[英]Get minimum of maximize value on pulp objective function
I'm trying to use pulp to get minimum value U(X)
of following objective function,我正在尝试使用纸浆来获得以下目标函数的最小值U(X)
,
where x_{f,i,v}
is binary value.其中x_{f,i,v}
是二进制值。
And I'm having problem while writing max()
when set an objective function to pulp.LpProblem
.在将目标函数设置为pulp.LpProblem
时,我在编写max()
时遇到了问题。
What I do is use python inner function max()
but it gives me an error.我所做的是使用 python 内部函数max()
但它给了我一个错误。 Seems like it cannot be used to pulp.好像不能用来打浆。
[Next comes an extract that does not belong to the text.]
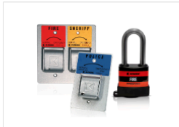
Gate Key Switches and Padlocks

for each_sfc in self.SFCs:
vnf_id_list = list()
for each_VNF in each_sfc.VNF_list:
vnf_id_list.append(str(each_VNF.ID))
new_sfc_vars = LpVariable.dicts(
name='X',
indexs=vnf_id_list,
lowBound=0,
upBound=1,
cat='Continuous'
)
for each_key in new_sfc_vars.keys():
new_sfc_vars[each_key] = 1 - new_sfc_vars[each_key]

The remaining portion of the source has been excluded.